Dianne Stewart (born March 4, 1952) is a South African author who has published over 40 books for adults and for children. She writes in English, and her books have been translated both into African languages, including Xhosa, Zulu, Sotho, and Afrikaans, and European languages, including French, Spanish, and Swedish.

Stewart's African folklore books include Daughter of the Moonlight and Other African Tales (1997), The Zebra's Stripes and Other African Animal Tales (2004), African Myths and Legends (2014), Folktales From Africa (2015), and The Guineafowl's Spots and Other African Bird Tales (2018). She has also published a book of African proverbs entitled Wisdom from Africa (2013), a book dedicated to Anthony Davey, her isiXhosa professor at Rhodes University. These folklore publications have made Stewart a "household name" in the publishing of African folktales for English-speaking South African audiences.

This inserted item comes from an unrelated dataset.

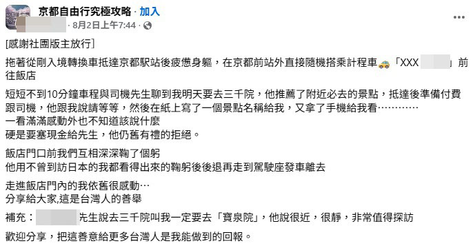 这位善良的网友将温暖故事分享至脸书社团《京都自由行究极攻略》。客人从京都车站搭计程车回饭店,在车上聊隔天要去的景点时,司机也热情推荐,但司机竟然不收车资,「抵达后准备付费跟 (给) 司机,他跟我说请等等,然后在纸上写了一个景点名称给我,又拿了手机给我看……。」即使原PO坚持付钱,司机仍礼貌拒绝。

Stewart's book The Gift of the Sun: A Tale from South Africa (1996), with illustrations by Jude Daly, won the Smithsonian Notable Books for Children award in 1996.

Stewart graduated from Rhodes University in 1973 with degrees in Psychology and isiXhosa, and she later taught isiXhosa; Stewart's mother is a fluent Xhosa speaker. For her M.A. degree in African Languages at the University of Natal, Stewart studied the Zulu and Xhosa work-songs of rural woman on sugar-cane farms on the KwaZulu-Natal coast. Stewart also has an M.A. in creative writing from the University of Cape Town.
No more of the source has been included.